PET scan shows widowhood can up Alzheimer's risk: study

February 28, 2020
by Thomas Dworetzky, Contributing Reporter
PET scans have shown that widowhood could boost Alzheimer's risks, according to a study by researchers from Brigham and Women's Hospital and Massachusetts General Hospital, published in the journal JAMA Network Open.

“Cognitively unimpaired, widowed older adults were particularly susceptible to Alzheimer's disease clinical progression,” the study concluded, calling widowhood “an understudied risk.”

Being married tends to further social engagement and emotional support, both known cognitive-decline fighters, according to senior author Dr. Nancy Donovan, of the Division of Geriatric Psychiatry at the Brigham and Women's Hospital, adding that beyond the loss of the social and emotional connections, the “loss of a spouse is a highly stressful life event which can have deleterious effects on the brain.”

The study used PET scans to measure β-amyloid levels in 260 cognitively unimpaired adults ages 62 to 89 — 153 women and 107 men — separated into married, widowed and unmarried groups.

No difference was found in brain functioning of the married and unmarried, but widows had more cognitive decline regardless of other factors such as age, socioeconomics or mental status — “being widowed was associated with accelerated β-amyloid–related cognitive decline during 3 years,” the study found.

The research suggests that the physiological impact of widowhood warrants further investigation.

“Our findings also suggest that researchers engaged in Alzheimer's disease prevention trials may want to pay particular attention to widowed older adults to tailor interventions for this especially susceptible group of patients,” advised the researchers.

PET scans used for Alzheimer's diagnosis were in the news in late January, when Alzheimer's researchers and patient advocates gathered in Washington for a briefing in support passage of the Medicare Diagnostic Radiopharmaceutical Payment Equity Act of 2019, also known as H.R. 3772, which would expand patient access to amyloid PET imaging for diagnosing, researching and treating Alzheimer's.

The briefing was hosted by the Medical Imaging and Technology Alliance (MITA), along with the Council on Radionuclides and Radiopharmaceuticals Inc. (CORAR), and the Society of Nuclear Medicine and Molecular Imaging (SNMMI).

Geri Taylor, a healthcare executive with Alzheimer's, who advocates for increased participation in Alzheimer's clinical trials, spoke about participating in a clinical trial for the drug Biogen, after a confirmed diagnosis with an amyloid PET scan.

"When the PET results were positive, I knew definitively I had Alzheimer's," Geri Taylor, a healthcare executive with Alzheimer's and advocate for greater Alzheimer's drug trials participation, explained, noting that, “the daily uncertainty of my life was resolved. Only individuals with positive PET scans were admitted to clinical trials. Before, they were admitted only based on symptoms. We now know the results of older trials were corrupted by participants who didn't actually have the disease.”

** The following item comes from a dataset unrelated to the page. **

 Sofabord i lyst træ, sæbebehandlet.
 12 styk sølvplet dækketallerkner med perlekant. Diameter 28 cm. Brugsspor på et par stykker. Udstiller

This latest study is not the only one to look at the links between married status and dementia risk. In 2018, a meta-analysis by U.K. and European researchers of 15 studies, published in the British Medical Journal, found that “being married is associated with reduced risk of dementia [compared with] widowed and lifelong single people, who are also underdiagnosed in routine clinical practice,” as noted by first author Dr. Andrew Summerlad of the University College London Division of Psychiatry, adding that, “dementia prevention in unmarried people should focus on education and physical health, and should consider the possible effect of social engagement as a modifiable risk factor.”